(Items from a data source)
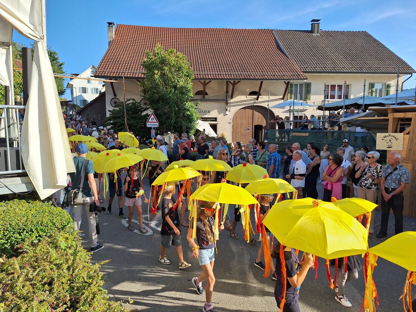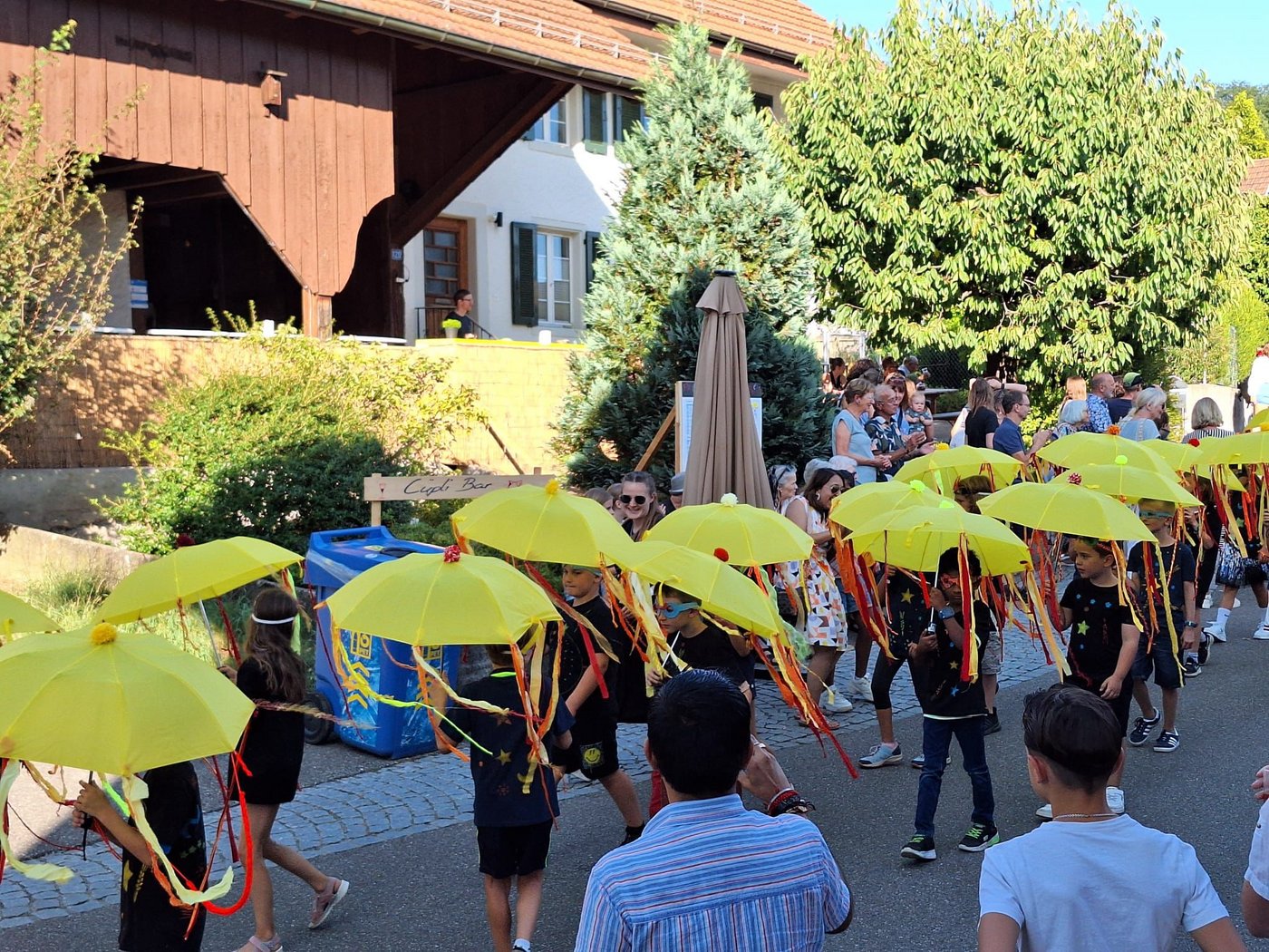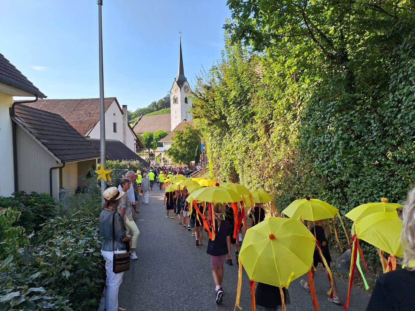 Im August war es dann endlich so weit. Die Kindergartenkinder und die Schülerinnen und Schüler der 1., 2. und 3. Klasse von Kirchdorf zogen bei der Eröffnungsfeier des grossen Festes mit ihren leuchtenden Schirmen, begleitet von den Tambouren und Kirchdorfer Vereinen sowie vielen klatschenden Zuschauerinnen und Zuschauer, durch das Dorf. Auf der Bühne sangen die fast hundert Kinder das Sichlete-Lied, das sie zusammen mit den Lehrerinnen getextet hatten, und führten einen Tanz auf. Die begeisterten Zuschauerinnen und Zuschauer dankten den Kindern mit einem grossen Applaus.
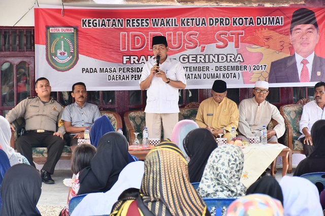 DUMAI (MR) - Wakil Ketua DPRD Kota Dumai Idrus, ST melakukan reses masa persidangan III (September sd Desember) di Gang Becek Kelurahan Bintan Kecamatan Dumai Kota, Kamis (14/12/2017).
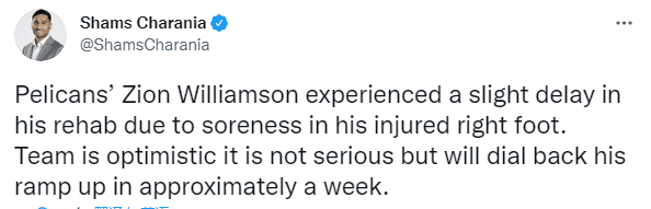 今年休赛期,锡安接受了足部手术,经过一段时间的康复,此前他已经获得允许参加全队训练,并且进行了4对4训练,可如今锡安的右脚出现酸痛的情况,因此他只能暂停训练,预计将在一周后恢复训练。
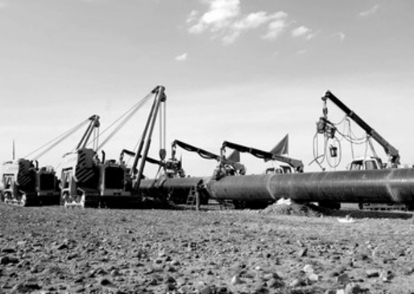 2008年3月11日,位于甘肃武威市凉州区丰乐镇境内的西气东输二线工程施工现场。 新华社记者 韩传号摄
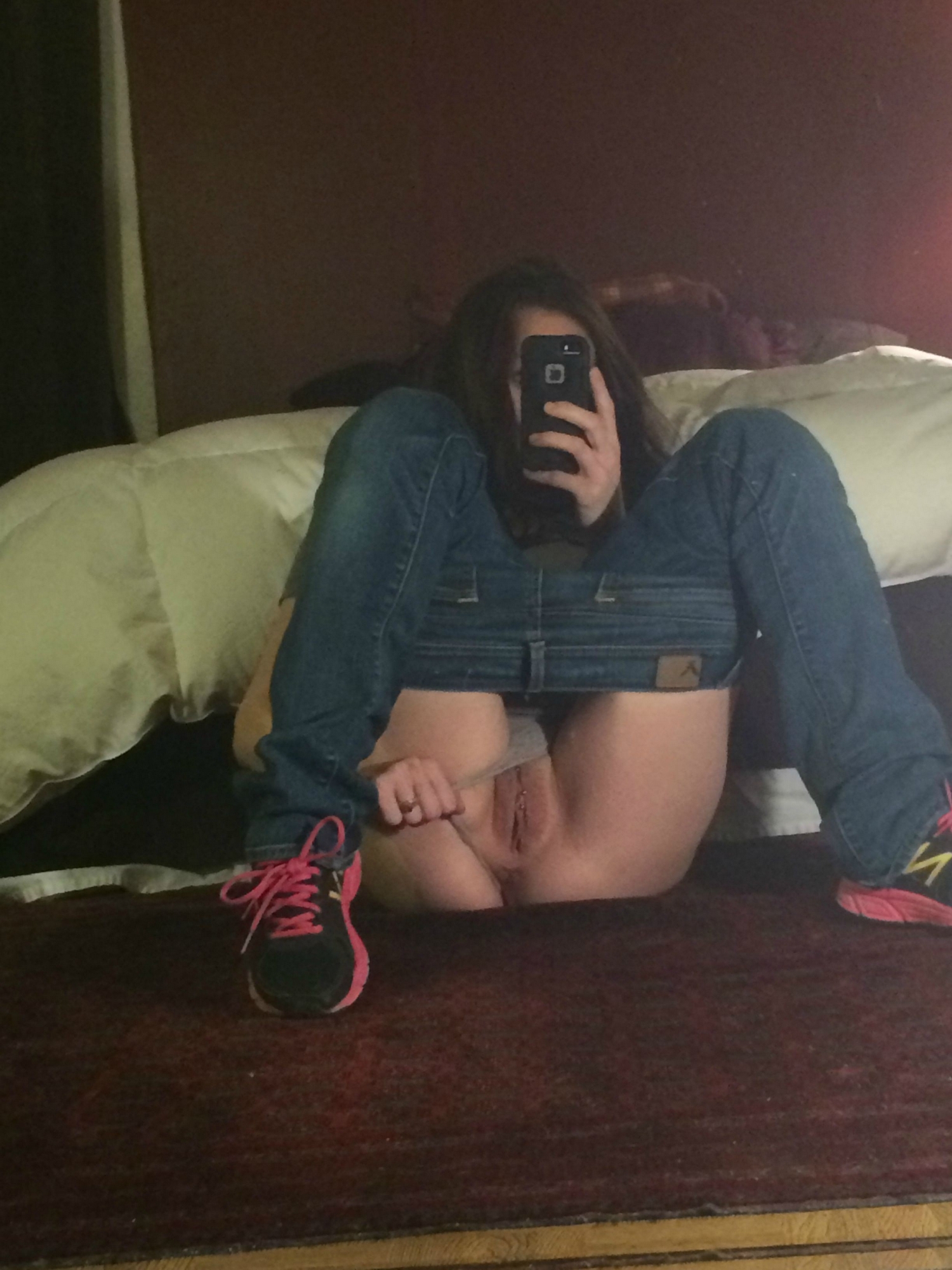 Эро-селфи темноволосой фитоняшки с пышными формами и еще порно фото:
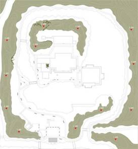图5 濂溪乐处乾隆后期土山与石山空间图(来源:作者根据叶扬、刘畅的底图改绘[[6]])
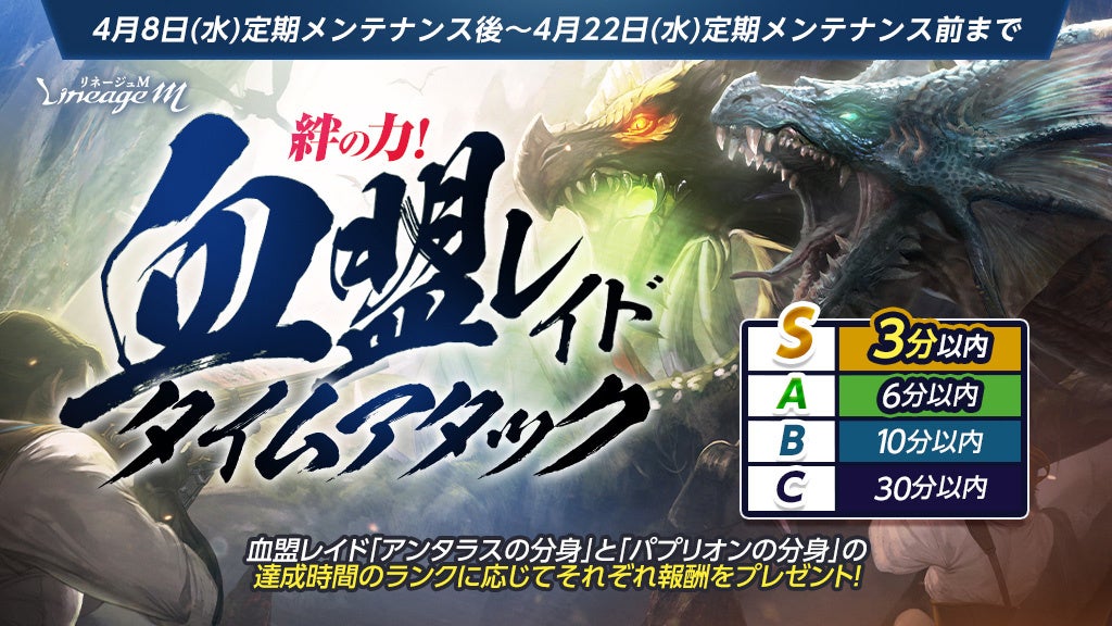 PCオンラインRPG「リネージュ」のモバイル版タイトル『Lineage M(以下、リネージュM)』のサービス、運営をしているエヌ・シー・ジャパン株式会社(本社:東京都港区、代表取締役:林 元基(イム ウォンキ)、以下エヌシージャパン)は、2026年4月8日(水)に複数のボスモンスターが襲来する新イベントを含むイベント3種の開始をお知らせします。
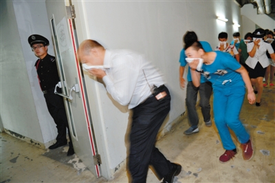昨天下午,中钢大厦发生“火灾”,位于高层的员工们用湿毛巾捂住口鼻,低头跑入步行楼梯,下到位于15层的避难层。记者看到,沿着楼梯向下,有“避难层”等字样的指示牌和箭头,引导员工前往避难层。

Work request: Beginning with the line that contains "DUMAI (MR) - Wakil", output every line down to the last line of the entries above exactly as written, apart from the pictures.

Exercise output:
 DUMAI (MR) - Wakil Ketua DPRD Kota Dumai Idrus, ST melakukan reses masa persidangan III (September sd Desember) di Gang Becek Kelurahan Bintan Kecamatan Dumai Kota, Kamis (14/12/2017).
 今年休赛期,锡安接受了足部手术,经过一段时间的康复,此前他已经获得允许参加全队训练,并且进行了4对4训练,可如今锡安的右脚出现酸痛的情况,因此他只能暂停训练,预计将在一周后恢复训练。
 2008年3月11日,位于甘肃武威市凉州区丰乐镇境内的西气东输二线工程施工现场。 新华社记者 韩传号摄
 Эро-селфи темноволосой фитоняшки с пышными формами и еще порно фото:
图5 濂溪乐处乾隆后期土山与石山空间图(来源:作者根据叶扬、刘畅的底图改绘[[6]])
 PCオンラインRPG「リネージュ」のモバイル版タイトル『Lineage M(以下、リネージュM)』のサービス、運営をしているエヌ・シー・ジャパン株式会社(本社:東京都港区、代表取締役:林 元基(イム ウォンキ)、以下エヌシージャパン)は、2026年4月8日(水)に複数のボスモンスターが襲来する新イベントを含むイベント3種の開始をお知らせします。
昨天下午,中钢大厦发生“火灾”,位于高层的员工们用湿毛巾捂住口鼻,低头跑入步行楼梯,下到位于15层的避难层。记者看到,沿着楼梯向下,有“避难层”等字样的指示牌和箭头,引导员工前往避难层。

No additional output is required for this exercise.